__Work task__. Drop every image, then reproduce the data exactly as given.

__Given information__.
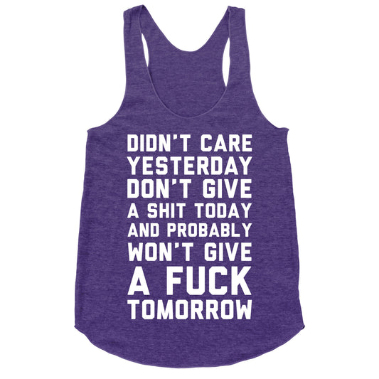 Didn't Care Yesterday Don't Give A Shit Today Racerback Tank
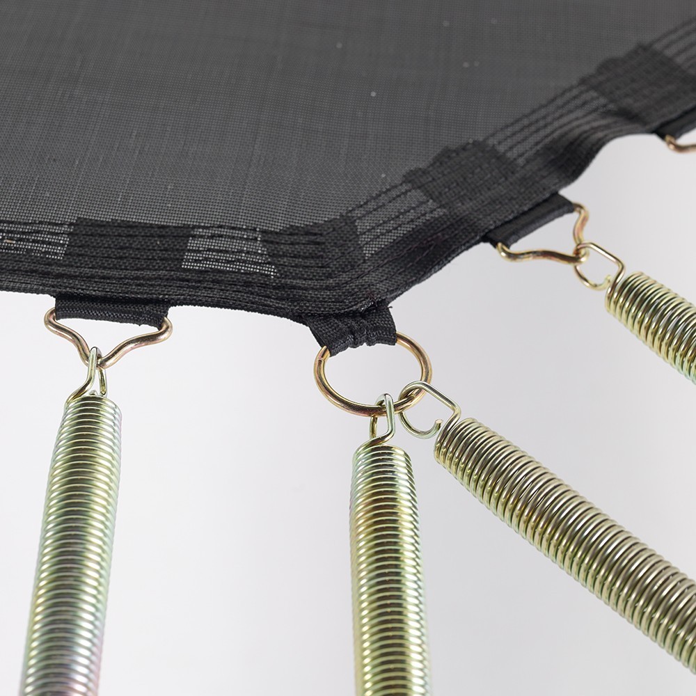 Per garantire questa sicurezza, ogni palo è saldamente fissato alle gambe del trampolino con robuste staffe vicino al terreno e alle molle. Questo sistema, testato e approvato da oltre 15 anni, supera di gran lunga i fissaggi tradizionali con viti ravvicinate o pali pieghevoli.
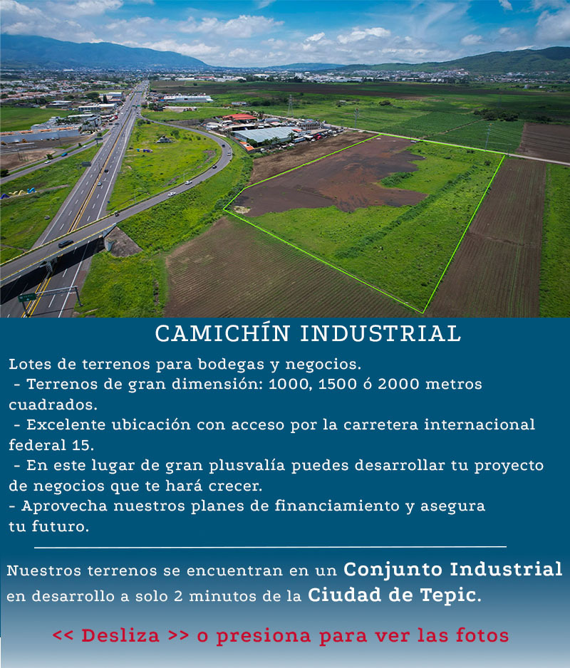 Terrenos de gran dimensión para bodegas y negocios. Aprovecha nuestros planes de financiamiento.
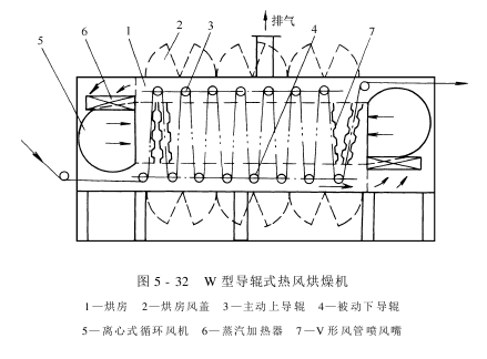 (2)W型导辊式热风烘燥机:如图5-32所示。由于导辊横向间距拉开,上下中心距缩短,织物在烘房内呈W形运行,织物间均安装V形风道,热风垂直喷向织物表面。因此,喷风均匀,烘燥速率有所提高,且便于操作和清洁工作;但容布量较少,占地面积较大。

__Solution for this exercise__.
 Didn't Care Yesterday Don't Give A Shit Today Racerback Tank
 Per garantire questa sicurezza, ogni palo è saldamente fissato alle gambe del trampolino con robuste staffe vicino al terreno e alle molle. Questo sistema, testato e approvato da oltre 15 anni, supera di gran lunga i fissaggi tradizionali con viti ravvicinate o pali pieghevoli.
 Terrenos de gran dimensión para bodegas y negocios. Aprovecha nuestros planes de financiamiento.
 (2)W型导辊式热风烘燥机:如图5-32所示。由于导辊横向间距拉开,上下中心距缩短,织物在烘房内呈W形运行,织物间均安装V形风道,热风垂直喷向织物表面。因此,喷风均匀,烘燥速率有所提高,且便于操作和清洁工作;但容布量较少,占地面积较大。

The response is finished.